The Business of Political Conversations

 Heineken brought together six people with opposing views on feminism, climate change and transgender identity who assembled a table, met face to face and found a measure of common ground.

Heineken brought together six people with opposing views on feminism, climate change and transgender identity who assembled a table, met face to face and found a measure of common ground.

Arguments continue to rage over whether or not corporations should enter the political fray. There are ample examples, such as the recent Kendall Jenner Pepsi ad, that show the perils. But the latest "Worlds Apart" ad from Heineken shows how it can be done successfully – and usefully.

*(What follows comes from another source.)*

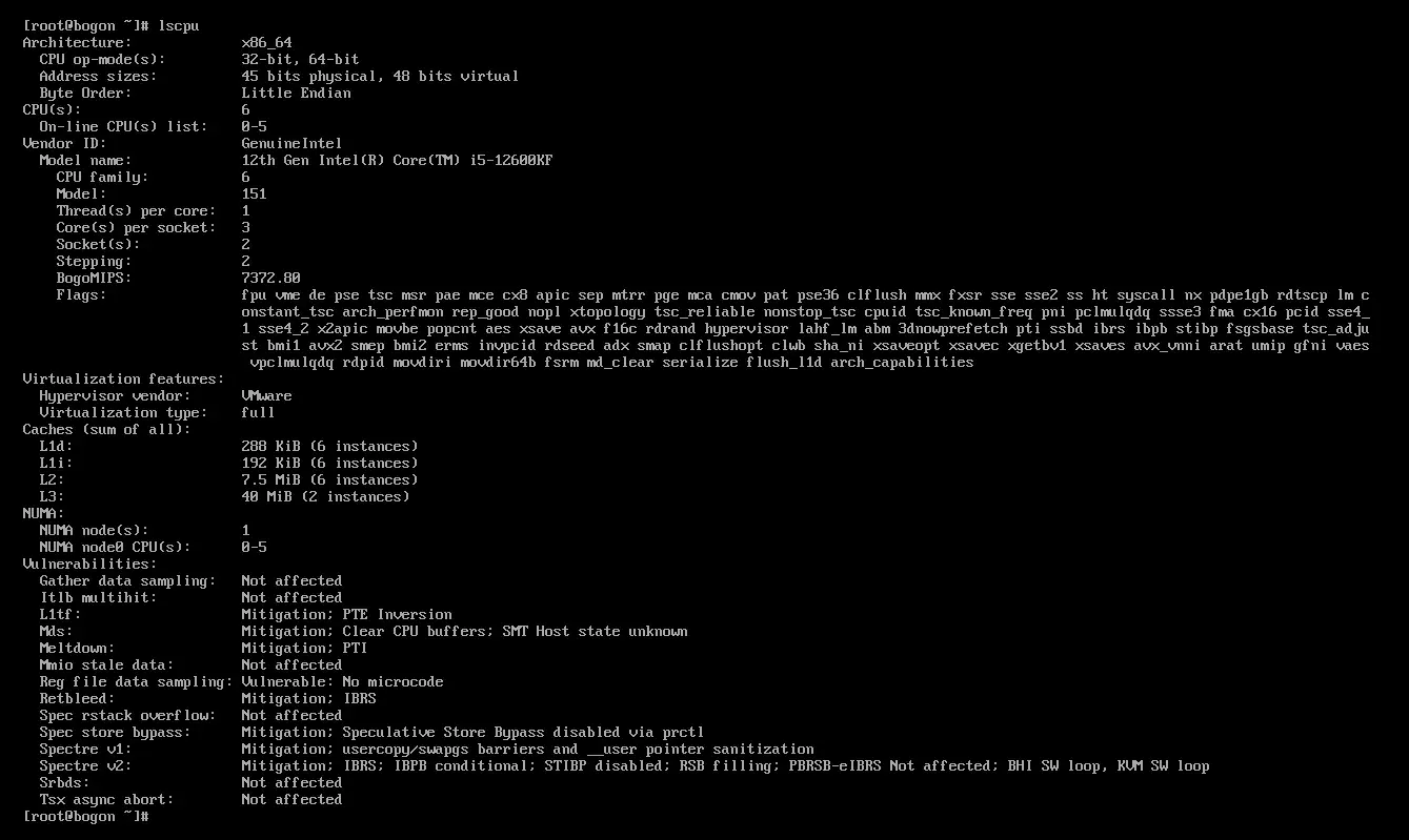 重点关注:“CPU(s)”(核心数)、“Architecture”(架构),确保和虚拟机配备一致。我实测表明6核x86_64架构,符合预设。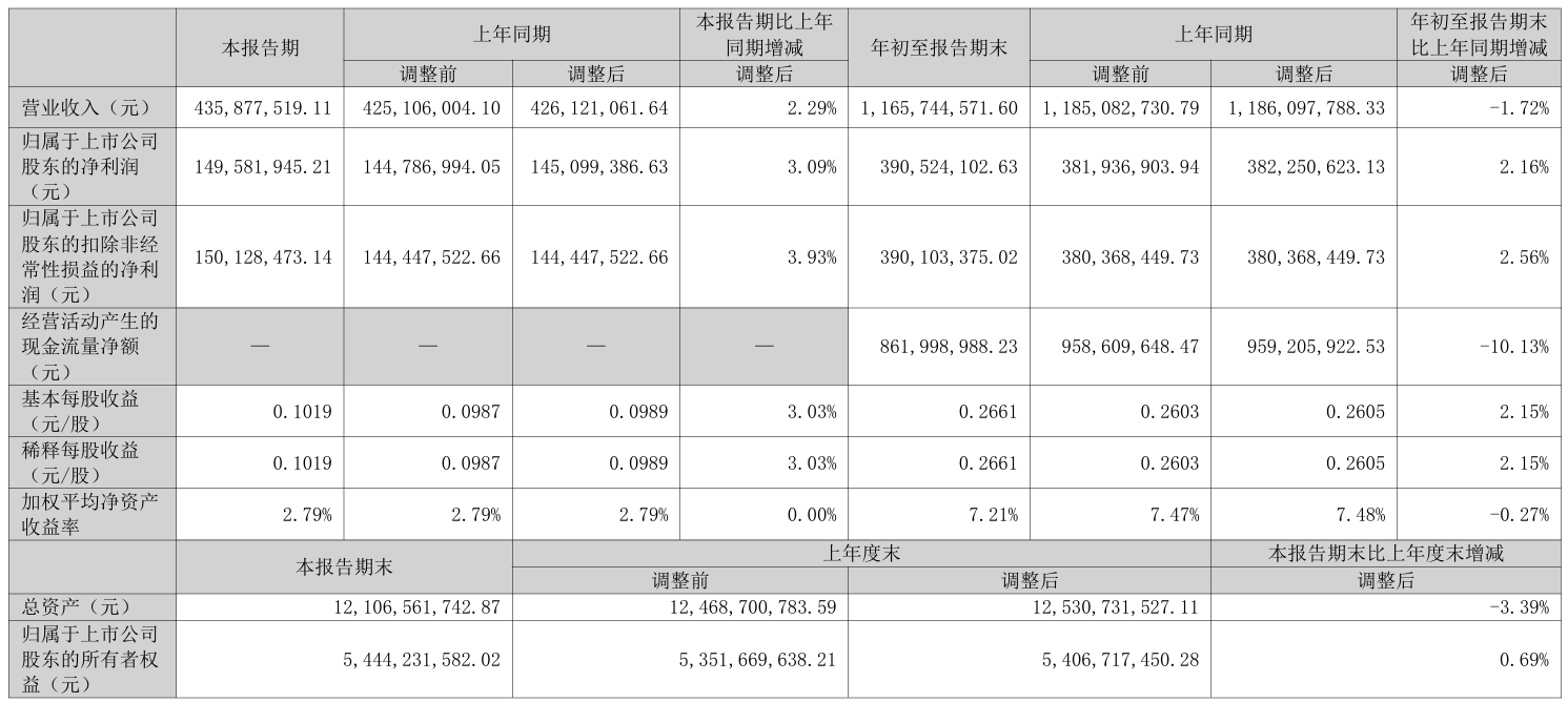 财报显示,营收方面,年初至报告期末营业收入 11.66 亿元,较上年同期调整后下降 1.72%;归属于上市公司股东的净利润 3.91 亿元,同比增长 2.16%,扣非后净利润 3.90 亿元,同比增长 2.56%,盈利质量良好。基本每股收益 0.2661 元,同比增长 2.15%,盈利能力稳步提升。

While the Pepsi ad featuring Jenner joining a protect and then handing a Pepsi to a police officer seems disingenuous, the Heineken-sponsored encounter of non-actors with radically different views on feminism, climate change, and sexual identity is more genuine. The Pepsi ad more closely resembled a sappy musical as opposed to the Heineken ad that comes across like a mini-documentary. The Jenner ad is the cutting room floor while the Heineken ad went viral on YouTube.

The Pepsi ad’s subtext is that the world’s problems could be solved if we shared a soft drink. The Heineken ad’s premise is that we can see the world differently over a beer when we engage with people with different views. Simple acts of kindness, such as sharing a soft drink, can ease tense situations but are unlikely to change anyone's mind, let alone end racism. 

However, there is evidence to support the notion that talking face-to-face over a table while sipping a brewski can produce view-altering perspectives. As shown in the ad, the man who questioned the legitimacy of someone being transgender ends up admitting the world of black and white may have a lot more gray in it that he recognized.

Heineken promotes its light beer with lighter TV commercials featuring comic and prankster Neil Patrick Harris. The beer maker also has used the Academy Award winning, sleep-eyed actor Benicio del Toro as a spokesman. In one ad, giddy American tourists confuse him with Antonio Banderas. This is what you normally expect from beer ads.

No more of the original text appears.